The free anti-virus software – the commercially-available Norton Anti-Virus program – is meant for use on personal or home computers, and can be downloaded by users on the Campus Web Portal. A person can only download the program once, and ITR suggests that users save the program to a storage device or burn it onto a compact disc following download.

“We’re pushing people to use that,” said Al Arboleda, information security officer for ITR.

The CSU system has stressed the importance of anti-virus software and information security following an incident at the CSU Chancellor’s Office in August.

A computer in the office was infected with a virus, and as a result, the names and Social Security numbers of 152 CSU students who receive financial aid were exposed, as well as the names and Social Security numbers of two financial aid administrators in the system. The CSU notified the individuals by letter as required by state law, and the CSU said in a statement that there was no indication that any of the personal data was accessed.

After the incident, the CSU system disclosed information about security breaches and became more cautious in protecting its personal information, Arboleda said.

“We haven’t had a problem here yet, but there is always a potential,” Arboleda said. “A lot of CSU campuses this year have (had) problems.”

He said the installation of the software is important.

“Obviously, not everybody has a computer at home,” he said. “So if the students want to download, the number should go up a lot higher too.”

Arboleda said nine California schools, in addition to the Chancellor’s Office, have had data breaches in 2005: CSU Stanislaus, Sonoma State University, Cal Poly Pomona, CSU Dominguez Hills, Chico State University, UC San Diego, UC Berkeley, UC San Francisco and USC.

At CSUN, ITR has been working to prevent personal information from viruses, hackers and security breaches through the help of anti-virus software, patches, encryption and firewalls.

“We have – anti-virus scanning,” Fitzgerald said. “So all e-mails that come to the campus (are scanned for) viruses. All students, faculty and staff have their e-mail accounts, and their e-mails are protected.”

There is always a chance, however, that e-mail messages with viruses may come through undetected, he said.

All of the computers on campus have firewalls to enforce security policies, block unwanted sources and watch all incoming and outgoing network traffic, Fitzgerald said.

Fitzgerald said funding provided last year for university-wide computer virus protection was used to outfit computers both on and off campus with the software.

Today, the purchase of the program by the university includes 30,000 licenses for students, 4,000 for faculty and staff in their homes, and 9,000 for on-campus computers.

To make sure all machines on campus are ready for protected use, computers must have anti-virus software installed and be up-to-date with all critical operating system “patches,” which fix any holes in the software, Fitzgerald said.

“Make sure that you have (a) personal firewall,” he said, adding that it should be turned on.

He also suggested encrypting all personal or confidential information.

October was declared National Cyber Security Month by the National Cyber Security Alliance and the Department of Homeland Security to educate the public about safe online activity.

“This is a good time (for people) to talk about how to protect themselves because this is Cyber Security Month,” Arboleda said.

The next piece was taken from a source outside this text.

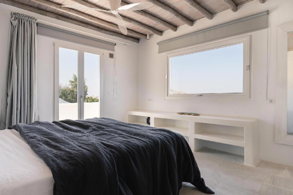 Bedroom 1 – Master (1.80 x 2) with en- suite shower, AC, Ceiling fan, sea view – overlooking Psarou beach

He recommends the website www.staysafeonline.org to students, faculty and staff who want to learn more about protecting themselves and computers while using the Internet.

The Cyber Security Month’s website highlights eight steps a person can go through to protect his or her various online user identifications, driver’s license, credit card numbers, Social Security number and other things while on the web.

ITR also plans to install a program called Active Directory, which helps manage a computer’s desktop, on machines across campus. The program is already in place on 2,200 computers, according to Arboleda.